[EXERCISE INSTRUCTIONS] Starting with the line below that holds "YOGYATA Women’s Stylish" and stopping after the line that holds "Pour in the", transcribe the lines exactly, leaving out all pictures.

[Stored data]
__________
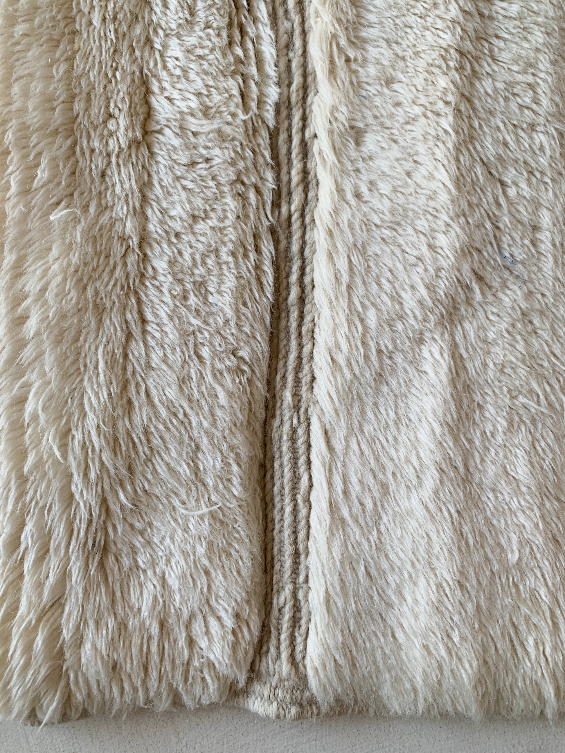 La laine utilisée pour ces tapis est de qualité supérieure, le lavage et le brossage effectués sont méticuleux et répétés à plusieurs reprises pour un résultat incomparable.
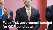 "Faith first, government second for GOP candidate," blares a teaser headline on MSNBC.com. They say that like it's a bad thing.
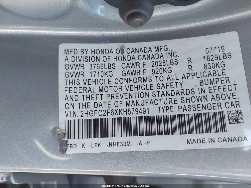 2019 HONDA CIVIC 2019 року Бензин, 2.0, Передний привод, vin - 2HGFC2F6XKH579491 из США
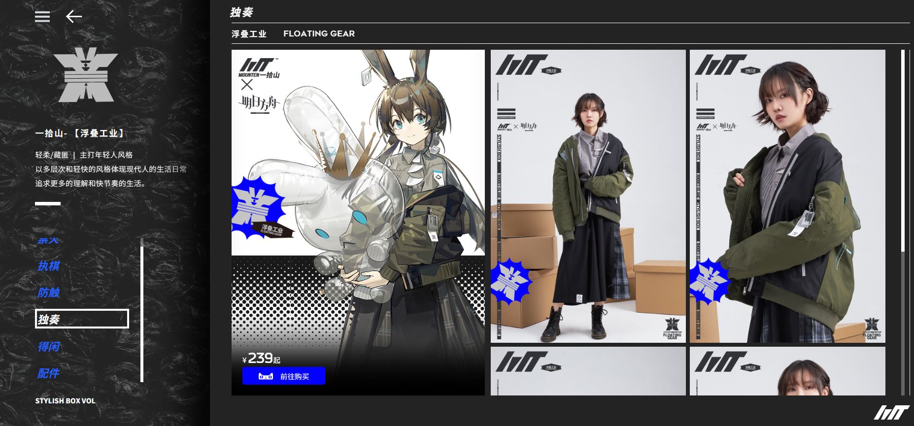 而另外一边,鹰角也在20年年底注册属于自家的“一拾山”衣装品牌。得益于同属鹰角旗下可以背靠游戏IP的优势,“一拾山”在服装设计上有意往《明日方舟》内的人物服饰风格靠近。在官网中我们可以看到一拾山也是毫不避讳地在商品旁贴上“阿米娅”的人物图,有意表现出衣服品牌与游戏品牌之间的关联。
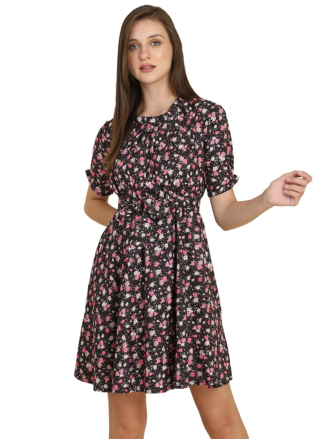 YOGYATA Women’s Stylish Fashionable Half Sleeves Designer Super Soft Round Neck One Piece Dress
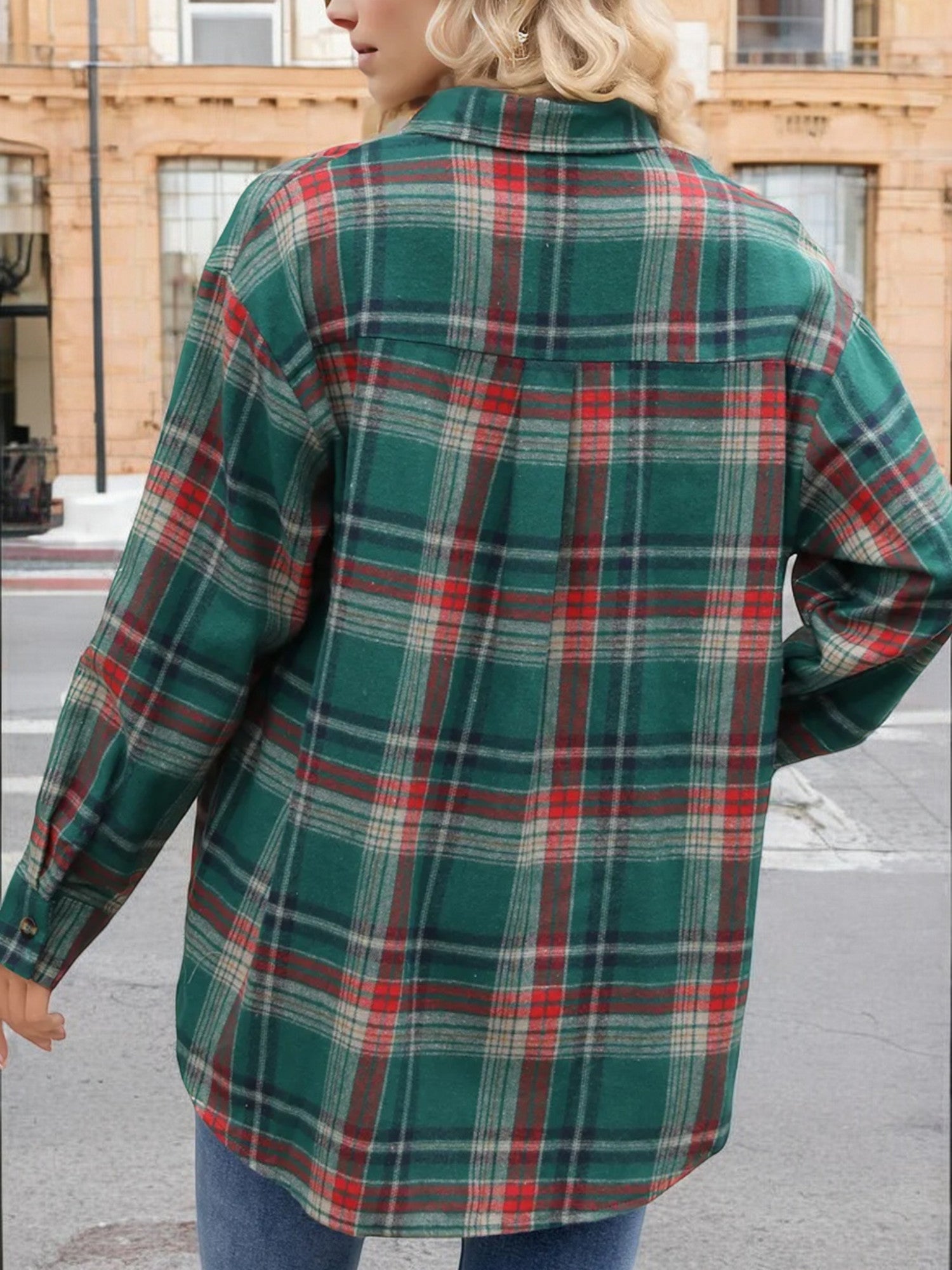 Anna-Kaci Women's Long Sleeve Plaid Button-Down Shirt with Front Pocket Detail
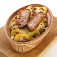 Pour in the broth or water, bring to a boil for 5 minutes, then add well-peeled, diced raw potatoes to the pot.
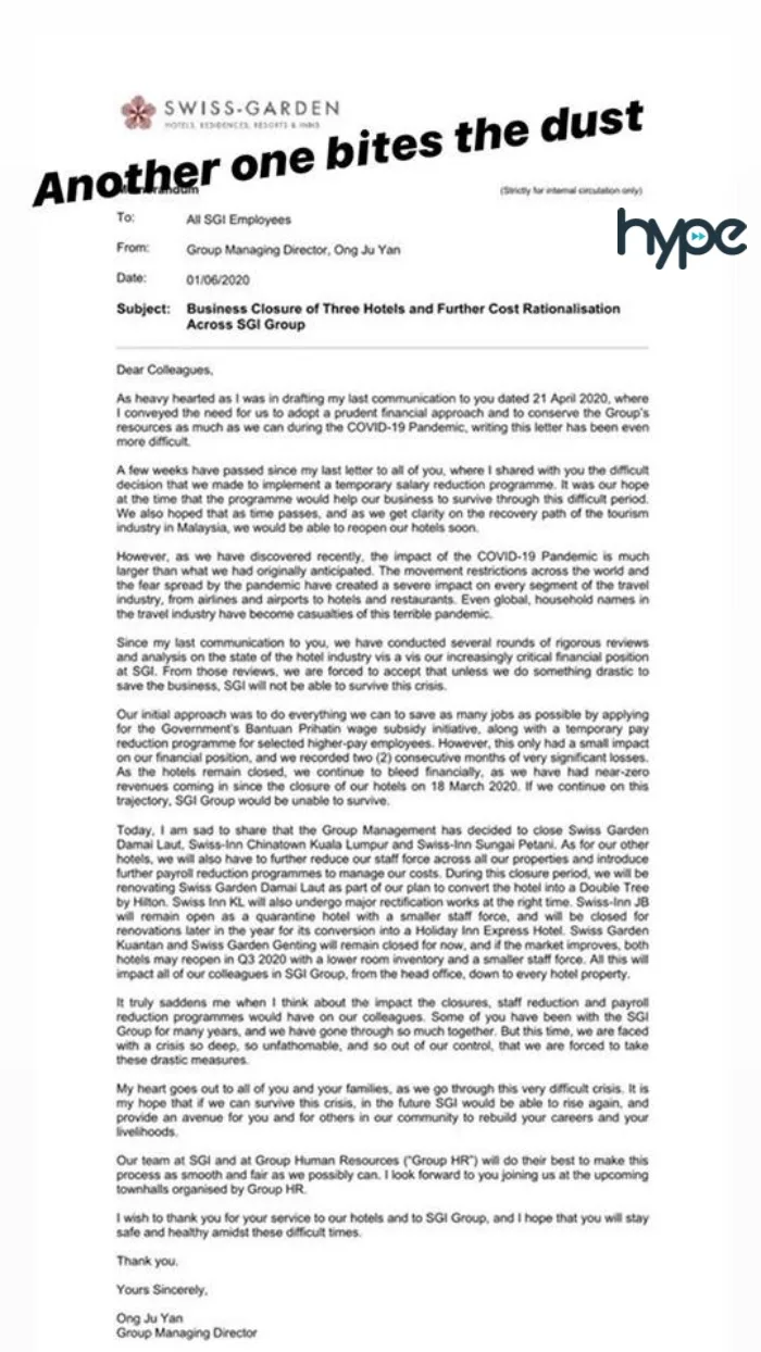 Group Managing Director Ong Ju Yan issued a memorandum announcing the closure of 3 hotels around Malaysia and also updates on remaining properties moving forward.
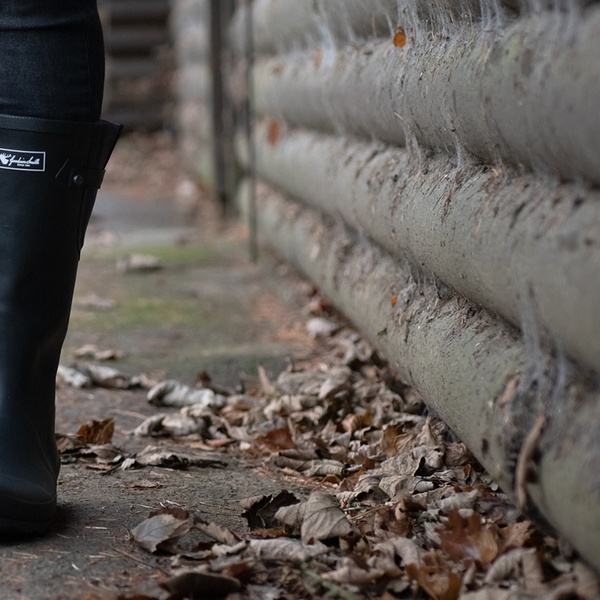 These rubber Wellington boots, featuring a cleated anti-slip rubber sole tread, are tested to be waterproof up to the topline
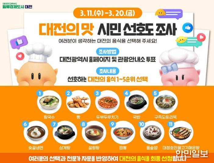 조사는 대전시민 누구나 참여 가능하며, 대전 음식 후보군 11개를 대상으로 선호하는 음식을 순위별로 선택하는 방식이다.
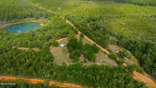 Waterfront Retreat at Econfina Springs Wildlife Management - Nature Lover's / Sportsman's Dream! Tucked in the country, living next to the Wildlife Management Area as it backs up to your almost 10 Acres on Sand Pond & your own private home. This 1980-built home offers the perfect blend of rustic charm and natural beauty. Wake up to the sounds of birds and nature just steps from your back or front door! With direct access to kayaking, fishing, and hiking, this is your everyday getaway. Inside, you'll find cozy, vintage vibes with updated touches, featuring warm wood finishes, an open living space filled with natural light, and from the large 16x20 deck, views of the waterfront. Whether you're sipping coffee on the deck or watching deer or turkey's wander by at sunrise & dusk, or fish your secluded pond for catfish or bream, this home makes every moment feel like a staycation. The deck is currently being redone and will be even more beautiful sitting under the Sycamore Tree. Large Shed and Large Pole Barn on site for every outdoors man storage needs. Deep Well for the best water around. Perfect for year-round living or a weekend escape, this is more than a home-it's a peaceful lifestyle surrounded by nature's best. Don't miss your chance to own a little slice of Old Florida paradise! Econfina Management Map available, No Flood Ins required, No HOA, Possibility to divide, and affordable home insurance. Located on County maintained clay road. Many Springs, Camping, Dog Hunts, and Hiking Trails in the area. Save yourself a lease fee and hunt local. Access from Hwy 77 or Hwy 20, Within 7 mile radius is Devil's Hole, Pitt/Sylvan Springs, Whitehead Landing, Rattlesnake Lake, Porter Pond & More. Roof (2019), Hot Water Heater, Plumbing, Electrical, AC (2022) have all been updated. New Septic Drain Field 2023. Located 40 minutes to Panama City, 20 minutes to i10 in Chipley, 10 Min (or 5 miles) to Sunny Hills Golf Course, and 16 min (7.3 miles) to Hwy 20 & Strickland Rd.
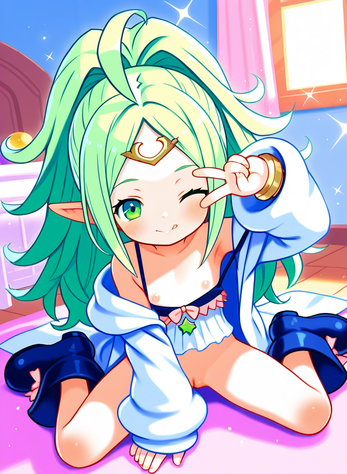 | … | 221無題Name名無し 26/01/10(土)23:28:51No.152827そうだねx2 1768055331719.png-(1084775 B) Beautiful art,Solo,pastel color , oppai loli , ultra big hair ,art by harada takehito, puyopuyo , indoors, child room , big wrist ornament, twinkle stars , one eye closed , half closed eye , starry inside wear , oversized long white jacket , smile , nipples, pussy line , jacket front open, messy hair, oversized huge long boots,white boots, armpit , standing, spread legs , v over eye,lick lips , pussy line, camisole lift , arle nadja , gradation hair,pigeon-toed, |
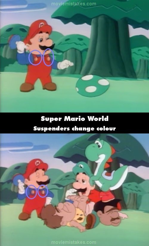 Continuity mistake: When Luigi asks if he caught the ball, Mario's red suspenders turn blue like his shirt, and shortly after, he is not coloured in at the bottom of the screen. (00:10:44)
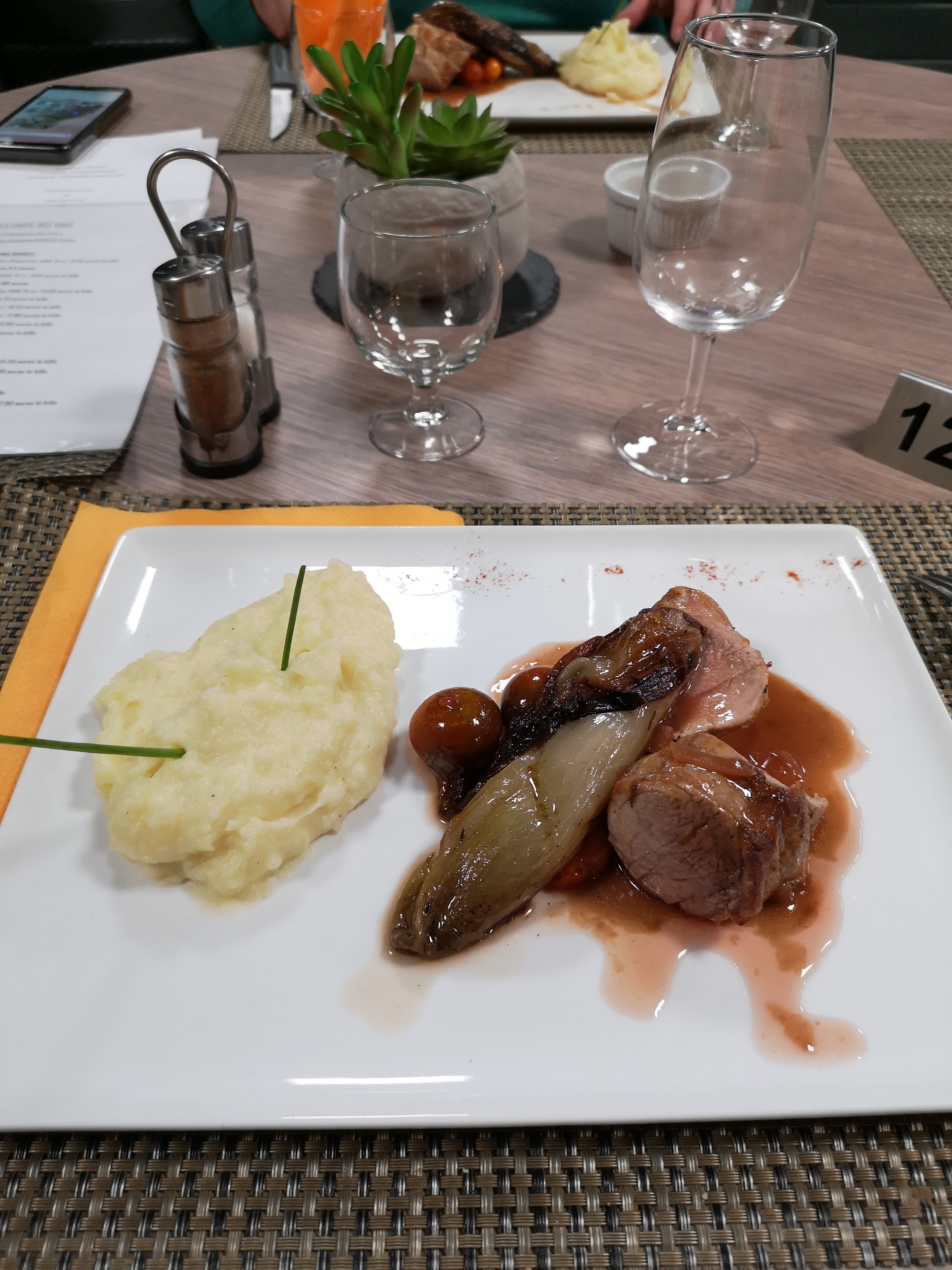 Très simple mais excellent ! Cuisson maitrisée, l'escalope fut très bien grillée, la tarte normande fut un régale !
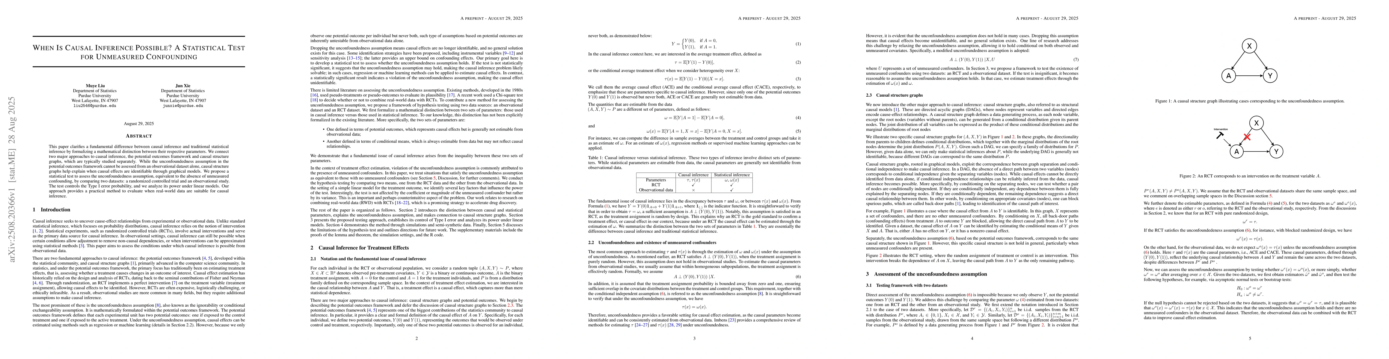 This paper clarifies a fundamental difference between causal inference and traditional statistical inference by formalizing a mathematical distinction between their respective parameters. We connect two major approaches to causal inference, the potential outcomes framework and causal structure graphs, which are typically studied separately. While the unconfoundedness assumption in the potential outcomes framework cannot be assessed from an observational dataset alone, causal structure graphs help explain when causal effects are identifiable through graphical models. We propose a statistical test to assess the unconfoundedness assumption, equivalent to the absence of unmeasured confounding, by comparing two datasets: a randomized controlled trial and an observational study. The test controls the Type I error probability, and we analyze its power under linear models. Our approach provides a practical method to evaluate when real-world data are suitable for causal inference.
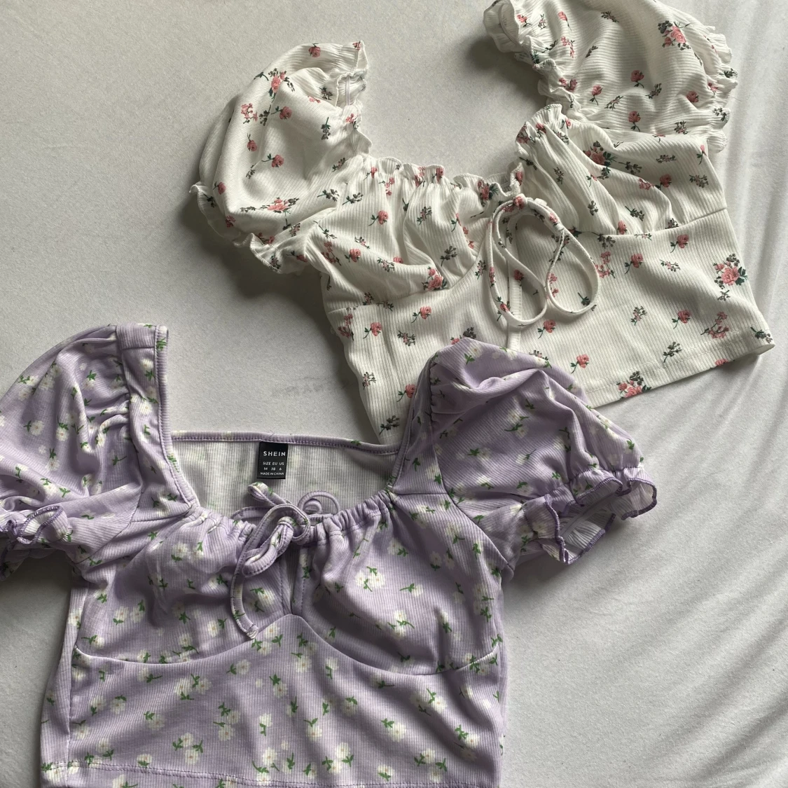Fina sommartoppar från shein, stolek 38 men de är små i storlek skulle jag säga😊 Båda två för 50kr
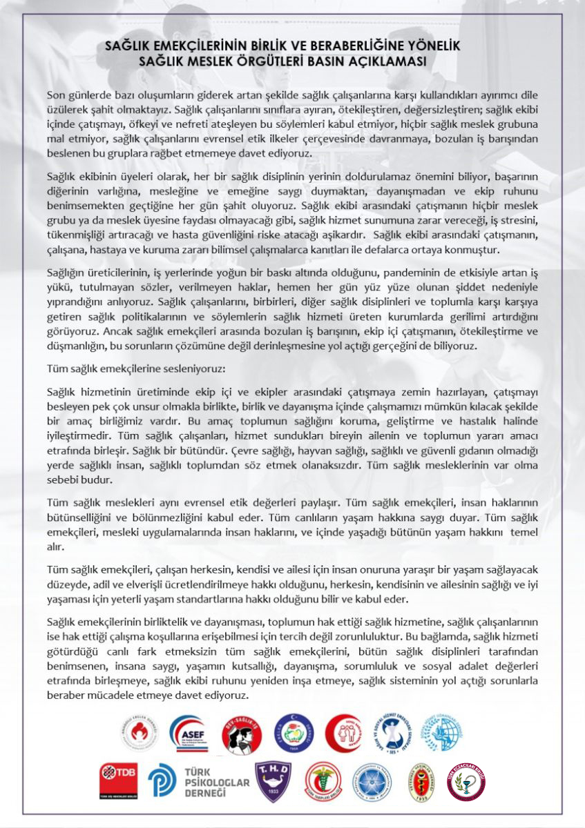 Sağlık Emekçilerinin Birlik ve Beraberliğine Yönelik Sağlık Meslek Örgütleri Basın Açıklaması
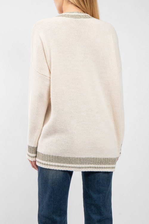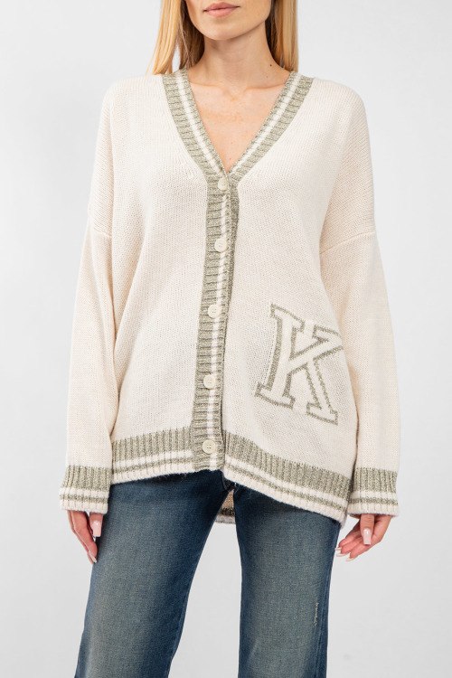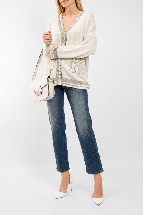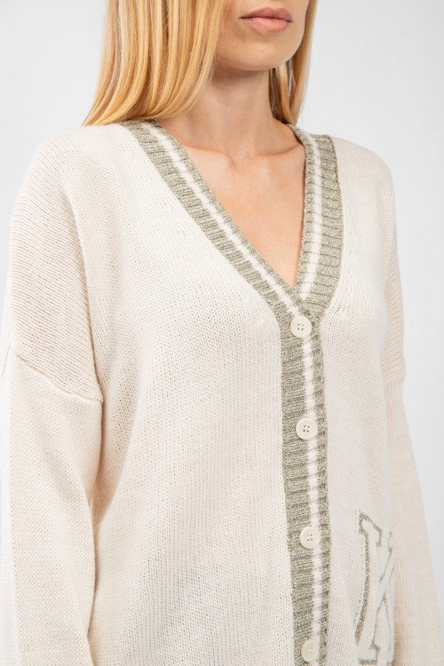 Женский кардиган молочного оттенка из акрила и шерсти от Kocca (Кокка). Классическая вязка, вышитый логотип, V-образный вырез, отделка люрексом, застежка на пуговицы, удлиненная длина.
__________
[TASK ANSWER]
 YOGYATA Women’s Stylish Fashionable Half Sleeves Designer Super Soft Round Neck One Piece Dress
 Anna-Kaci Women's Long Sleeve Plaid Button-Down Shirt with Front Pocket Detail
 Pour in the broth or water, bring to a boil for 5 minutes, then add well-peeled, diced raw potatoes to the pot.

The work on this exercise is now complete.